Recently, Nrf2 was found to negatively regulate BACE1 expression and improve cognitive deficits in mouse models of AD (Bahn et al., 2019; Ren et al., 2020). Bahn et al. revealed a previously unknown molecular mechanism, in which Nrf2-deficient AD mice had significantly increased BACE1 and BACE1-AS expression and Aβ deposition, and more severe cognitive dysfunction compared with 5xFAD and Nrf2 knockout mice, whereas the activation of Nrf2 inhibited BACE1 and BACE1-AS expression and Aβ production and improved cognitive dysfunction and AD-related pathological characteristics (Bahn et al., 2019). Thus, it was hypothesized whether TS could inhibit BACE1 expression by activating Nrf2, thereby reducing Aβ formation. Subsequently, the changes of Nrf2 and BACE1 and the relationship between them after TS treatment were investigated.
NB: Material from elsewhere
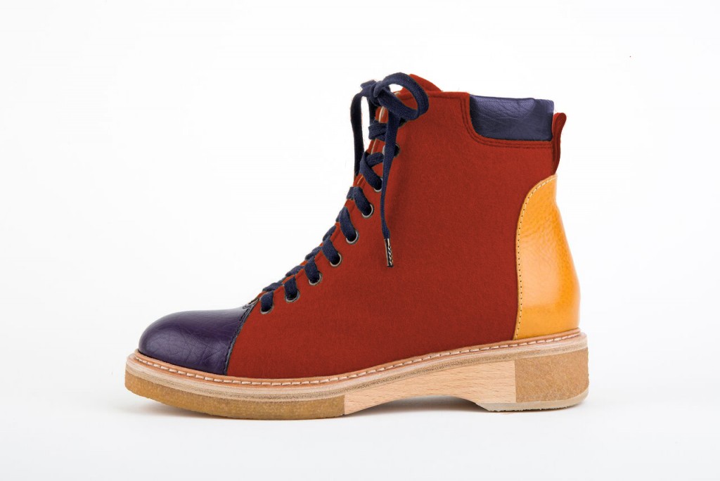 - zgornji sredinski del volneni filc v barvi manga, opetnik rumenkasto naravno strojeno gladko usnje, špica in podložena obroba nad gležnjem gladko naravno strojeno usnje v indigo barvi, notranja podloga naravno strojeno usnje natur,

The results showed that TS could reduce the expression of BACE1 by activating Nrf2, and when Nrf2 was knocked down, the effect of TS on inhibiting BACE1 expression was attenuated, which indicated that TS negatively regulated the expression of BACE1 by activating Nrf2, thereby inhibiting the production and deposition of Aβ. Moreover, using CHIP assay, it was found that Nrf2 could directly bind to the ARE1 site in the BACE1 promoter, and TS could promote the binding of Nrf2 and BACE1 promoters to inhibit the transcription of BACE1.
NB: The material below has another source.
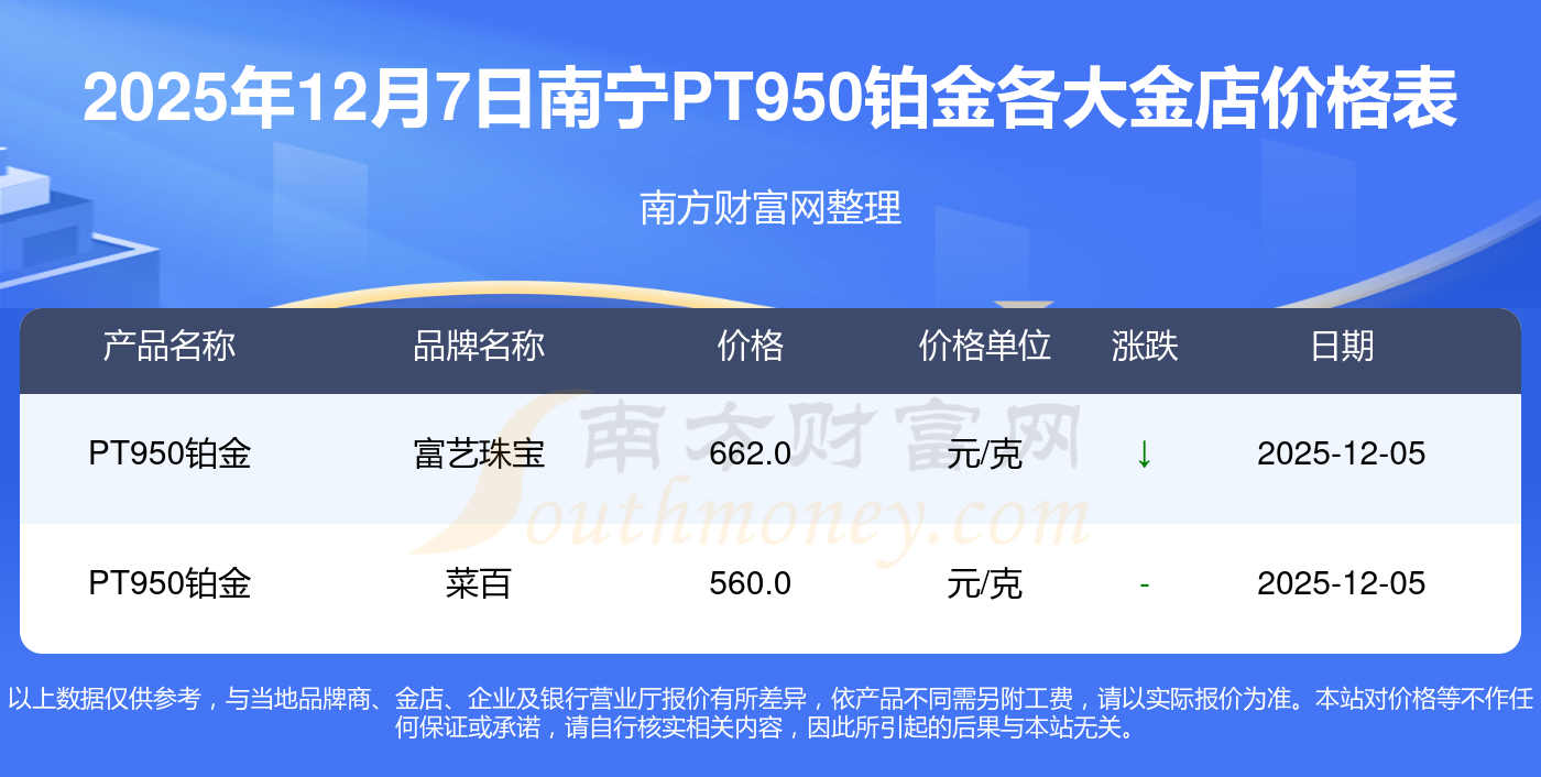 2025年12月7日南宁各大金店PT950铂金最新价格查询来了:周大福1328.0元/克,周大福662.0元/克,周大福1328.0元/克,周大福46550.0,周大福18970.0,周大福41990.0,周大福1165.0元/克,老凤祥1325.0元/克,老凤祥600.0元/克,老凤祥1325.0元/克,周六福1289.0元/克。

Tau primarily accumulates in the medial temporal lobe, and its main function is to bind and stabilize microtubules, which are a major component of the neuronal cytoskeleton, providing structural support to neurons, and binding is regulated by its phosphorylation state (Lee et al., 2016; Maass et al., 2018; Lowe et al., 2019; Kosel et al., 2020; Kwak et al., 2020; Limorenko & Lashuel, 2022). In AD, abnormally phosphorylated tau detaches from microtubules and begins to accumulate with other tau filaments (Lee et al., 2016). This process has two stages: paired helical filament (PHF) stage, in which these aggregated tau filaments form PHF, and neurofibrillary tangle (NFT) stage, in which the formed PHF winds around each other to form insoluble double-fiber NFT in the cell and eventually accumulates in the form of NFT (Jo et al., 2014; Lee et al., 2016; Limorenko & Lashuel, 2022). In this process, microtubule disassembly can cause the collapse of neurons, impairing the ability of neurons to communicate with one another (Jo et al., 2014; Lee et al., 2016). Among the multiple phosphorylation sites associated with AD, tau is phosphorylated at Thr231 and Ser396 during the PHF stage, whereas it is primarily phosphorylated at Ser396 during the NFT stage. In addition, Aβ can induce tau phosphorylation at Thr231 and Ser396 (Lee et al., 2016). Collectively, tau is primarily phosphorylated at Ser396, and it belongs to the C-terminal domain, which plays a key role in regulating tau aggregation (Jo et al., 2014). Thus, the effect of TS on p-tau (Ser396) level were examined. The results showed that TS could reduce the accumulation of p-tau (Ser396) and reduce the level of p-tau (Ser396) in the hippocampus and cerebral cortex of APP/PS1 mice. In the study of Saikosaponin C (SSc) by Lee et al., they found that SSc had an inhibitory effect on p-tau but not on the expression of total Tau (Tau5) (Lee et al., 2016). Combined with their study, TS and its monomeric saponin SSc can reduce p-tau level in AD brain.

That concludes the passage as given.